Ainda segundo o estudo, os smartphones são a plataforma mais utilizada para games pelos jogadores brasileiros: 41,6% preferem os games nos dispositivos móveis, ante 25,8% dos jogadores prefere os consoles domésticos. Esses dados, da realidade dos games no Brasil, se conectam com outro número, o potencial de receita previsto para os games. A estimativa é que até 2026, a indústria de games se aproxime de US$ 300 bilhões em faturamento. Somente no mobile, esse valor deve ultrapassar US$ 90 bilhões. Marcela Miranda, cofundadora da Trigg e atual sócia do fundo Seastorm Ventures, que, dentre outras startups, investe no time B4, de Free Fire, lembra também dos 2,2 bilhões de jogadores pelo mundo. “Além de grandes investimentos das big techs em consoles, plataformas, novas tecnologias e imersões, estamos diante de um mercado com muitas oportunidades, sobretudo, relacionadas à tecnologia. Quando afunilamos para e-sports o mercado ainda está se consolidando e tentando entender quais modelos de negócios serão vencedores”, diz Marcela.

IMERSÃO E INTERAÇÃO

O contexto identificado pela PGB e mencionado por Marcela vem possibilitando a criação de agências, consultorias e empresas especializadas em conectar os games a marcas e negócios, reforçando o marketing orientado a games. Em março, em entrevista à Fast Company Brasil, o ex-jogador Ronaldo, falou sobre a criação da Oddz Networking, holding que tem como um dos pilares principais os games. “Sempre fui muito ligado em tecnologia e seu impacto nas nossas vidas. A velocidade com que as coisas acontecem no mundo de hoje ao mesmo tempo que assusta, me fascina. Na Oddz nós vemos com muita clareza um território vasto a ser explorado nos games e queremos encontrar soluções criativas para aproveitar ao máximo as oportunidades que existem no mercado”, disse Ronaldo.

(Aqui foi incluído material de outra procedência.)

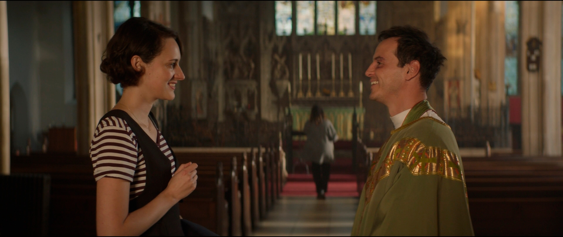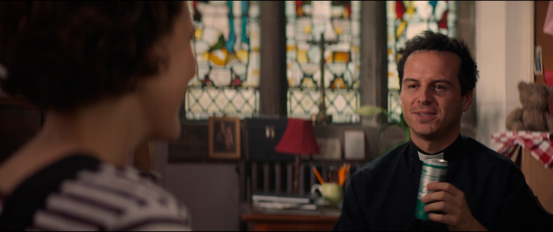 Священника играет Эндрю Скотт (Мориарти из сериала "Шерлок"), и он тут просто невероятно хорош! Настолько хорош, что даже перетягивает на себя зрительское внимание от Фиби Уоллер-Бридж. И практически весь второй сезон посвящен их взаиимоотношениям: интересным, тонким и в чем-то трогательным. Тем более что будущего у этих взаимоотношений быть не могло: священник сразу однозначно давал понять, что главное для него - это религия.
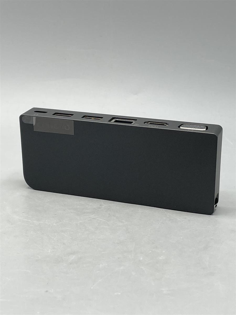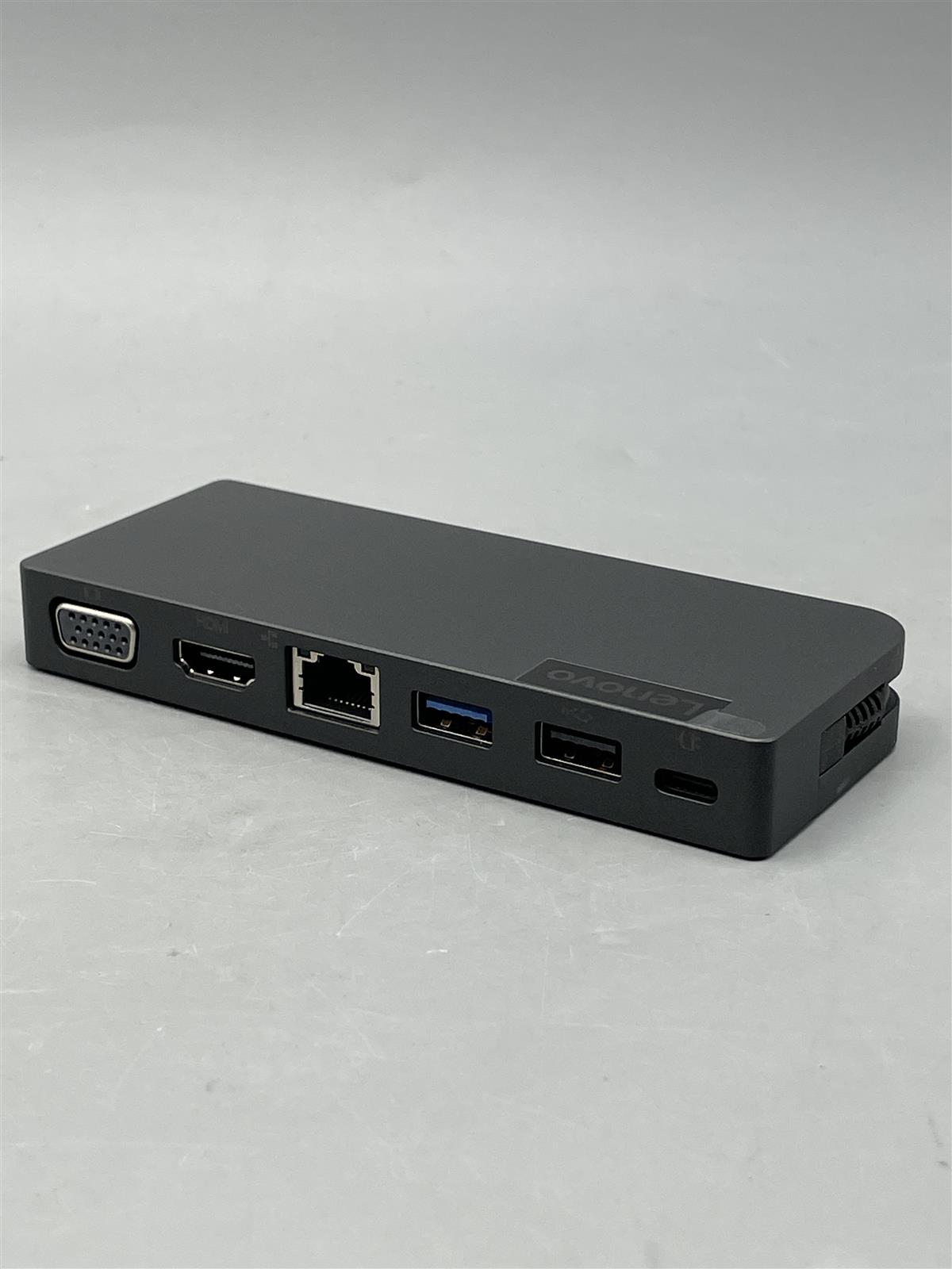 Lenovo USB-C Travel Hub, jossa on useita liitäntöjä, kuten HDMI, VGA ja USB. Kompakti ja kannettava muotoilu tekee siitä kätevän matkakäyttöön.

Streamers como Samira Close expressam o poder das comunidades e o papel dos influenciadores no universo gamer (Crédito: Reprodução)

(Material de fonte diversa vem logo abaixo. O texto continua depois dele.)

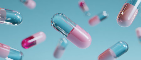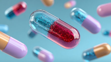 Colorful 3D capsules floating on blue background. Generative AI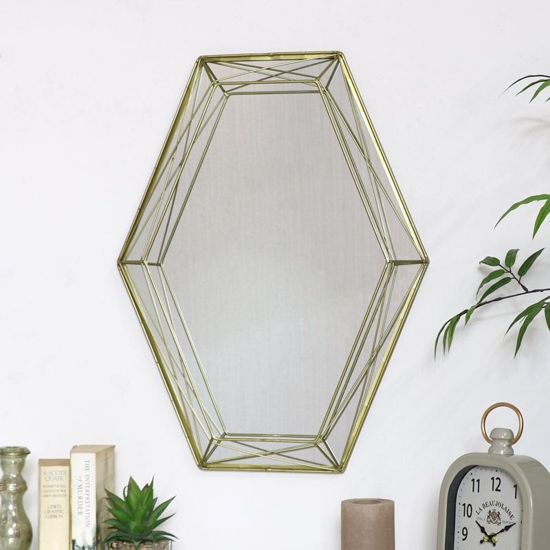 Small Diamond Geometric Wall Art Mirror Picture Contemporary Shiny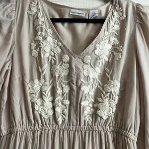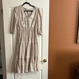 Stylish beige dress with beautiful detail by Lucky Brand. Worn in Tuscany and Texas Hill Country Wineries. Looks fab with a large brim hat and oversized sunglasses.

Em setembro do ano passado, a Logan, empresa de publicidade orientada a mobile, trouxe a PMP.BID ao Brasil, a empresa também está presente na Argentina, México e Estados Unidos. Um de seus negócios estratégicos são as soluções de In-Game Reality Ads. De acordo com Cynthya Rodrigues, diretora de desenvolvimento de negócios na PMP.BID, o ecossistema de games se tornou muito mais diverso em termos de plataformas, o que justifica o interesse cada vez maior das marcas. “Um dos maiores desafios é a falta de conhecimento e o preconceito quanto ao inventário de games. Quando o anunciante quer iniciar uma caminhada de aproximação com os gamers, geralmente o primeiro passo é uma campanha com rewarded vídeo em jogos mobile, um formato relativamente já conhecido de todos. Para os que fazem anúncios em áudio, há a opção de spots dentro dos próprios jogos sem interromper a jogabilidade e a experiência do usuário, onde o jogo com o áudio ON é algo bastante comum e inclusive recomendado para aumentar a sensação de imersão. Existe um outro formato de vídeo ou display que está literalmente dentro dos jogos, se confundindo com o próprio game, como por exemplo um outdoor que já faz parte do cenário”, explica.

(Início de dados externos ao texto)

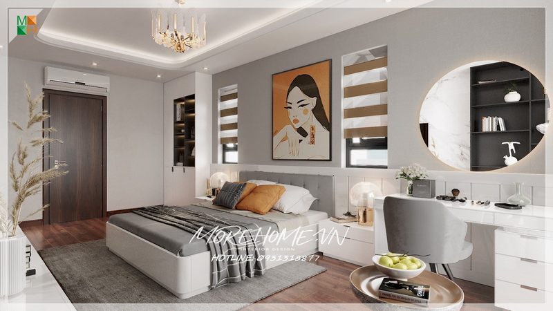 Để tạo nên không gian sống hiện đại cho phòng ngủ nữ, bố trí một chiếc gương soi tròn gần cửa sổ để phản chiếu ánh sáng vào căn phòng.

Flakes Power, streamer e jogador de Fortnite é embaixador da Red Bull, marca que tem nos games uma plataforma de conteúdo (Crédito: Reprodução)

O contexto apontado por Cynthya foi facilitado, sobretudo, pelo crescimento dos games no mobile. Jogos como Free Fire, Fortnite e o recém-criado Wild Rift, contribuíram para ampliar a base de gamers. Claudio Lima, CEO da Druid, agência especializada em games, explica que a indústria de games, bem como seu potencial de escala comprovado não são novos, no entanto, faltava o interesse das marcas. “Com o crescimento de influenciadores e de times de e-sports nas plataformas de conteúdo e redes sociais esse interesse começou a aparecer. “Além disso, os games e experiências gamer são hoje, muito mais customizáveis e ‘assistíveis’, o que possibilita às marcas criarem seus espaços, que conversam com o que elas fazem no off-line e traduzem dentro do game a essência daquele produto ou projeto”, diz. A Druid já desenvolveu, em parceria com a Outplay, dona do Cidade Alta, espaço dentro do jogo GTA, ações que envolveram marcas como Brahma, Tinder, Trident e Engov. Outras como O Boticário, Ruffles, McDonald´s, Fanta e Animal Crossing também já desenvolveram ações nos games.

Cynthya Rodrigues, da PMP.BID, aposta na diversificação de formatos para as marcas nos games (Crédito: Divulgação)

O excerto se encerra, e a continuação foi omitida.